First he explains what's wrong with Cohn's stringing together of these anonymous sources:
Not one single person will go on the record to discuss why the seniority system shouldn't work in the case of Stark, not one policy idea is considered in the article vis-a-vis Stark or anyone else's record, and the reader learns nothing about the tax writing committee from it other than nine anonymous sources in Congress think something. Apparently, the amorphous business community will 'go nuclear', whatever that means, Stark is gaffe-prone, but neither the public, policy, or the shift leftward in Congress as evidenced by Waxman's recent committee victory in the Energy and Commerce tussle are even referenced.

"And this is the point," he says, setting the stage for this:
One of the most insidious aspects of DC is how the conventional wisdom that dominates policy-making is shaped by an interplay between reporters and lobbyists, with ideas and voters entirely cut out. Based on this article, I have no idea if Stark would write good tax law or manage the committee well, I have no idea who the people are that are criticizing him and so the criticisms are entirely devoid of context, and Stark -- Air Force vet, successful businessman, and experienced legislator -- is completely powerless to respond. This unaccountable and unelected system, where industry lobbyists and their incestuous journalistic partners directly contradict the power vested by the public in our elected officials, is why the public hates the Beltway and its trappings of power.

Wow! I'm not even going to try to add anything to that. Maybe we should just listen to that last sentence one last time:
This unaccountable and unelected system, where industry lobbyists and their incestuous journalistic partners directly contradict the power vested by the public in our elected officials, is why the public hates the Beltway and its trappings of power.
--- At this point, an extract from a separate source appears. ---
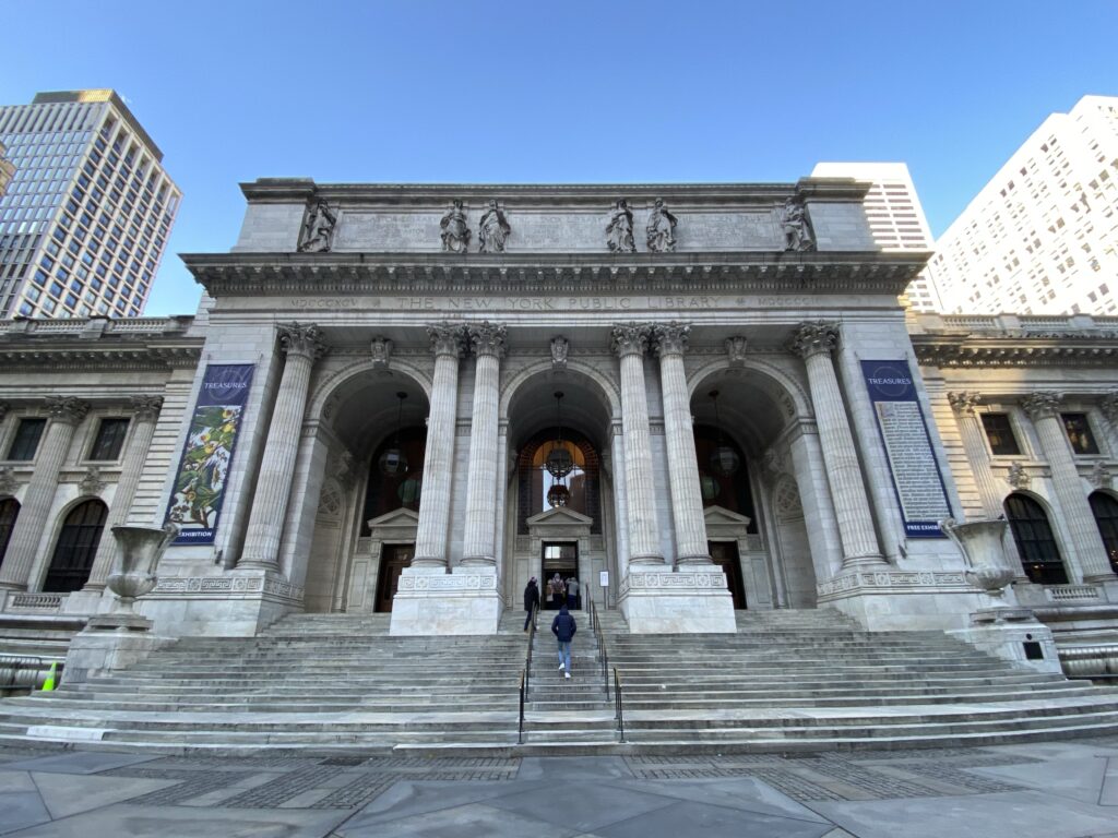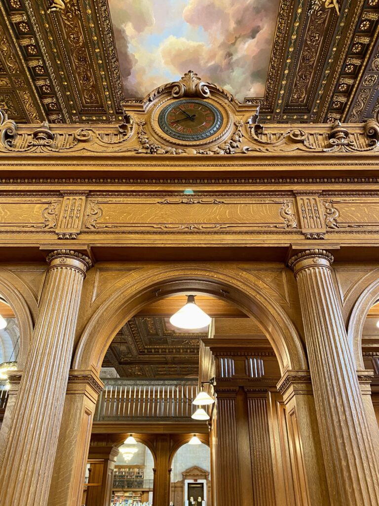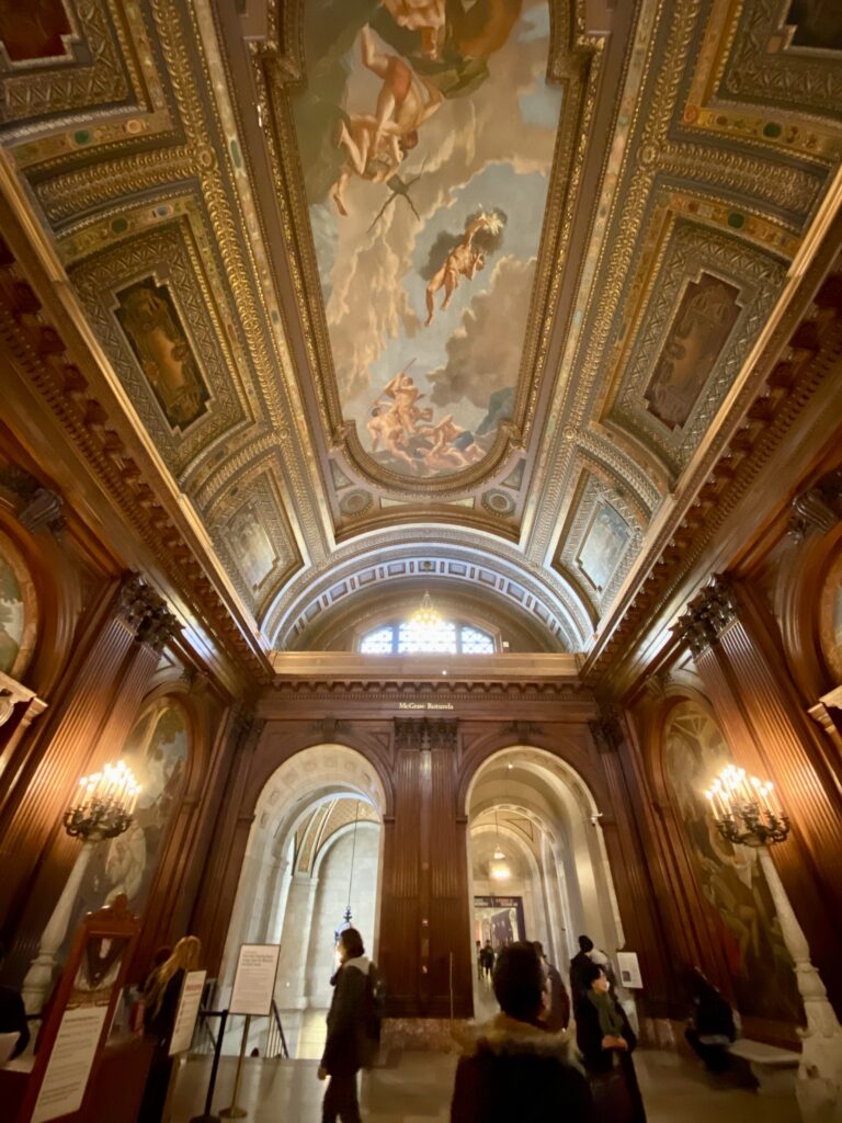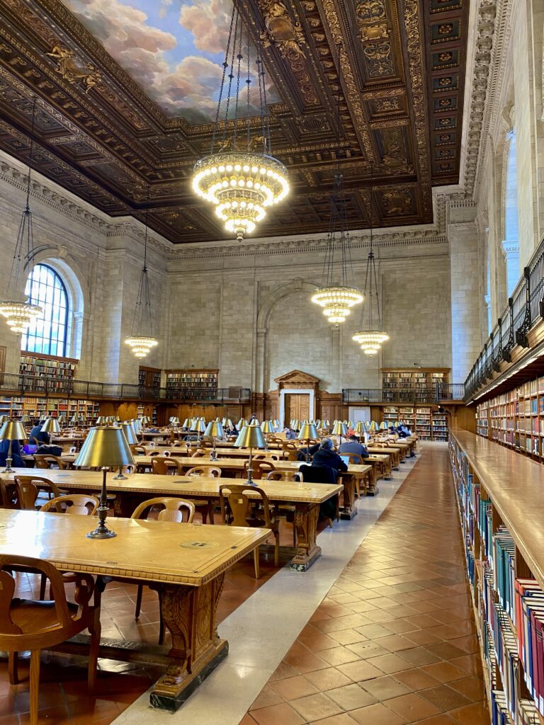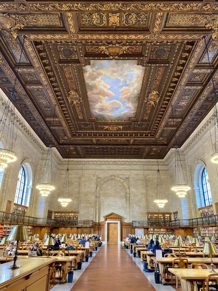 C’est bien beau de se lever tôt pour visiter un maximum dans la journée mais on n’en peux plus ! On prend notre temps ce matin et partons de l’hôtel vers 10h pour aller à la bibliothèque principale de New York, la NY public library. De 10h à 11h, on peut accéder librement à la salle de lecture Rose Main Reading Room sans visite guidée. On commence donc par là. Ca doit être inspirant de travailler dans un environnement comme celui-ci.

POSTSCRIPT: THE NYT'S CLAMPDOWN ON ANONYMOUS SOURCES

Thanks to our colleague John Amato at Crooks and Liars for digging out a June 2008 report by New York Times Public Editor Clark Hoyt, "Culling the Anonymous Sources," on the paper's serious tightening of its use of anonymous sources in the wake of the Jayson Blair fiasco, including rather surprising results from a study he himself requested from students at Columbia University's Journalism School, which suggest that the paper has indeed reduced the use of anonymous sources by something like half.

In conclusion, Hoyt cites a memo recently sent to NYT news-room staffers by Executive Editor Bill Keller:
[H]e said it was “high-minded foolishness” to suggest that The Times or any newspaper forswear them altogether. “The ability to offer protection to a source is an essential of our craft,” he said. “We cannot bring readers the information they want and need to know without sometimes protecting sources who risk reprisals, firing, legal action or, in some parts of the world, their lives when they confide in us.”

That is why it is so critically important that anonymous sources not be used lazily or out of habit, and why, when they really are necessary, readers need to be told as much as possible about why the sources can’t be identified and how they know what they know.